Looking at ways to improve your communication is very valuable and something everyone can afford to do. My last article I discussed how to improve your communication skills by listening better , and now I’ll explore how to use regular questions to better communicate with others.
Asking questions is a simple way to stay engaged when communicating with someone. It shows interest and encourages the other person to keep communicating. If you don’t show any interest in continuing a conversation, it often ends without making any ground. Asking questions helps you to keep that person going into more detail or to branch the discussion into related areas. Its important to keep the questions on topic and don’t use them to steer the conversation in your own way.
Always ask Ask open ended questions to keep the conversation moving forward. These are questions that require some explanation to answer, such as "Why do you think that is important?" Closed questions tend to end topics quickly since it gives little to no room for a party to elaborate on their response, they are simply yes/no type of questions. Keeping yourself and the other party engaged is an important way to have better communication, and asking questions is a powerful tool to ensure that happens.
Communication is not just someone telling things to someone else. It is about how that communication is received and understood. You can use questions to ensure that you understand as well that the other person understands what you have to say. Questions can help you to clarify the content of communication and they provide a tool that you can use to ensure there is understanding from the other party as well. Ask someone to elaborate on a statement, or ask about what they think of something or perhaps even ask if they can explain what they think you are saying (or vise versa), these are all great ways to ensure that there is complete understanding. Mind you, you still have to learn to ask the right questions and to ask at the appropriate time in a conversation but these comes with practice and even a beginner with this will gain from it in communicating better.
Keep an Open Mind
Questions help communication because they keep you open minded since you use them to learn more about others’ ideas and comments, instead of presenting your own in place of them. Using questions is very effective even if you don’t agree with that person so that you are looking to see things from their perspective and consider more than your initial reaction. When you are asking questions, you come across that you are interested in learning about the other person and not just yourself. Its an easy way to hold back your own advise and comments in a conversation if you first look at asking more questions with an open mind about what is really being communicated.
Lead The Other Person
While its important to keep an open mind, there are times when you want to really get your own point or argument across in a conversation. This can be done as well with questioning. If you use your questions with a word or focus on a particular outcome, you can often lead the other party your way with them still feeling like it was their decision to do so. This is obviously a powerful communication tool for a leader as there are times you already have a certain direction you would like a conversation to go, but don’t want to tell or force the other person to go your way.
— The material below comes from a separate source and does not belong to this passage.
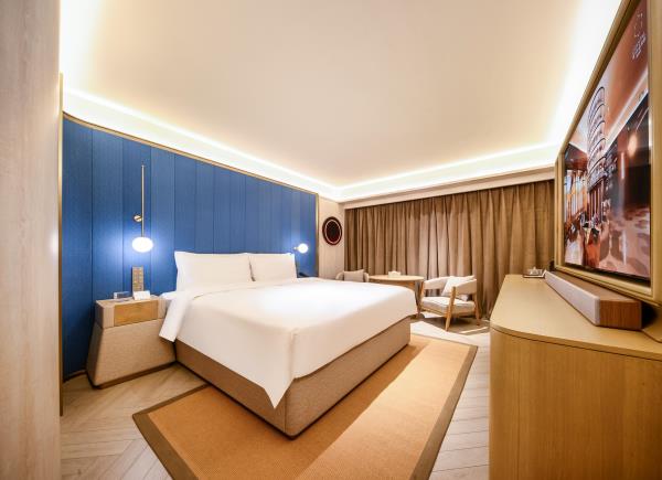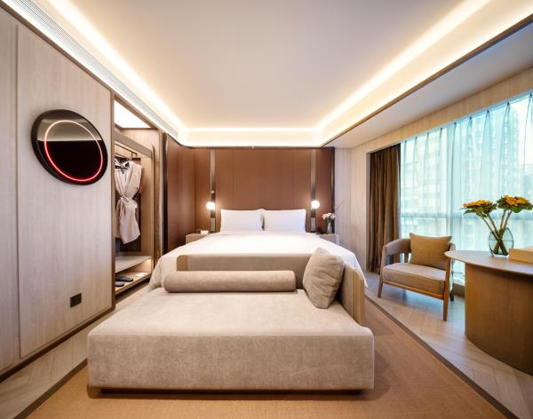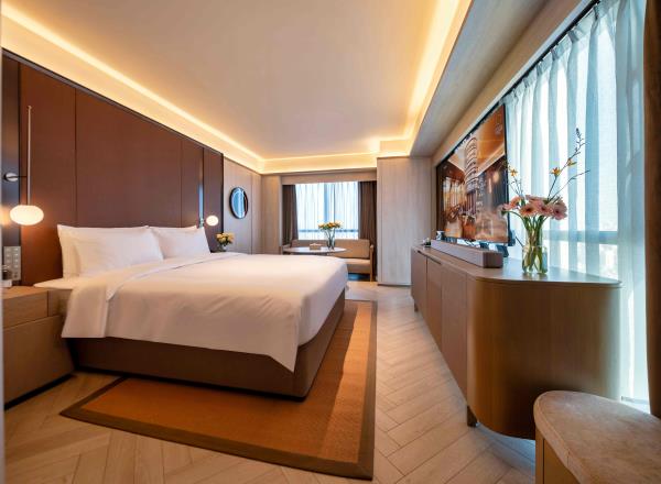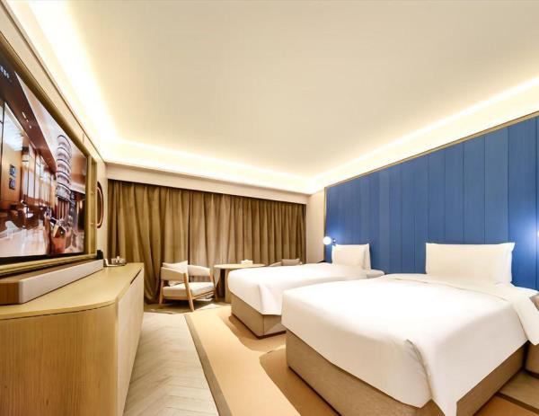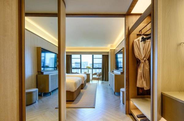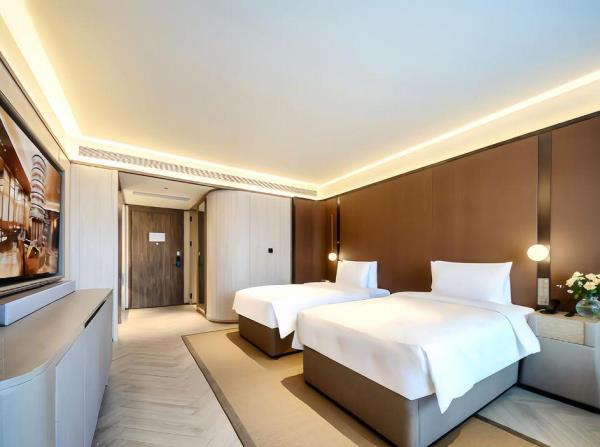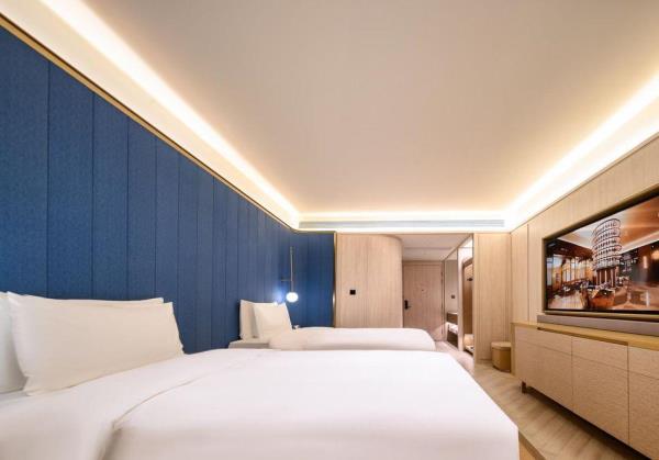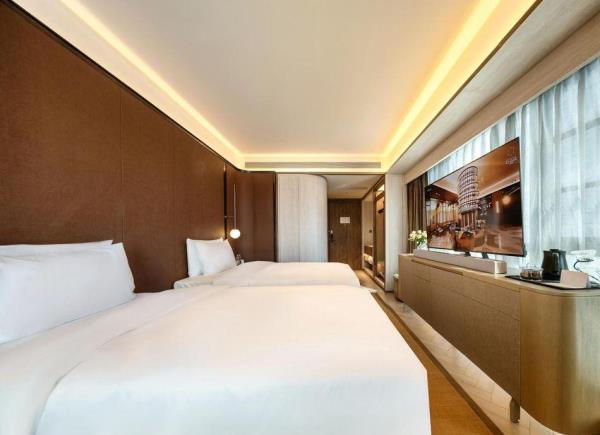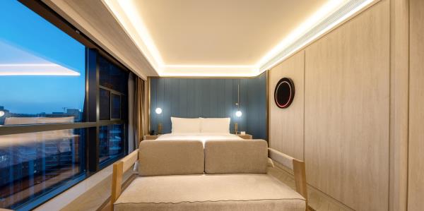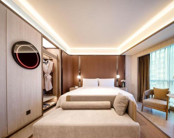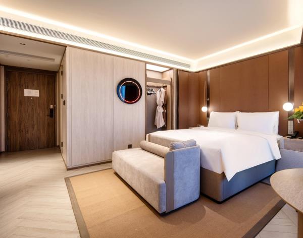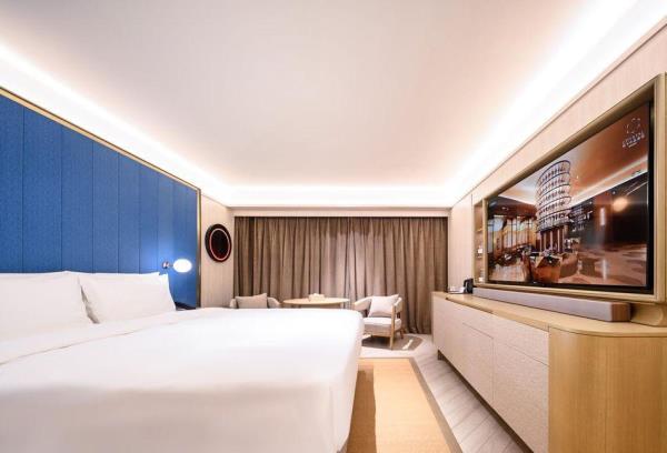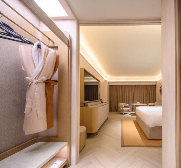 桔子水晶昆明滇池万达广场酒店是华住酒店旗下中高端品牌2.0版本,位于前兴路润城第四大道1栋,地理位置非常优越,自带地下停车场。交通方便,充分满足您的旅游、出差、购物、娱乐、餐饮等需求。“水晶打造的是”回归本真与纯粹,水晶客房专注于空间和材质本身,全屋选用自然的浅木色,搭配流畅优雅的设计线条,沙发与墙壁配色一致,深蓝色/咖啡色墙背景板搭配同色系的窗帘,高级而有质感,墙壁玫红色装饰的点缀,颇具有艺术气息。酒店大堂空间以“威士忌”为主,六芒星无限镜像、威士忌酒柱、爵士乐律动、进可觥筹交错,退可独享小酌。酒店配套中西结合的自助早餐、洗衣房、健身房、会议室、地下停车场、房间配置65寸智能电视(可投屏),蓝牙音箱、电动窗帘、智能马桶、小冰箱、迷你酒水吧、手冲咖啡、香氛晶石,桔子水晶通过简单的元素希望能让每一位客人都能感受到一丝丝的放松及放空,优雅又自在,在这里卸去不必要的多余,以纯净的光折射美丽光彩,感受来自水晶的格调与温暖,瞬间洗去都市的喧嚣的烦恼。

If you use questions that lead them to what you want, you can communicate your direction and keep the other person highly engaged and interested. Sometimes a simple phrased question like, "Are you planning on writing a brief report then on that issue and getting everyone involved?" is a lot more powerful than, "What are you going to do next?".
So, you obviously have to balance this with keeping an open mind and using open ended questions when appropriate but you can definitely control how your questions impact a conversation just by the way you ask them.
A final area I find critical in regards to questions in communication is actually reflecting on the questions from others. You should never interrupt or even respond too quickly to a question. Take an extra moment and reflect on that question. What are they really asking? Why are they asking it? What are they likely wanting from you in response? All these can be part of a momentary reflection in your mind before actually responding. Take a minute, show some facial expression to indicate that you are thinking on their question and then respond after reflecting on it. This helps to build rapport with others as they take you seriously and know then that you do in fact care about your response and that you put at least a moment of thought into it, and not just a reactive or instinctive answer. Watch for others reflecting on your questions and see what impact that has on you? You can do the same with your responses, it just takes a bit of reflection time.
What other communication techniques do questions give you?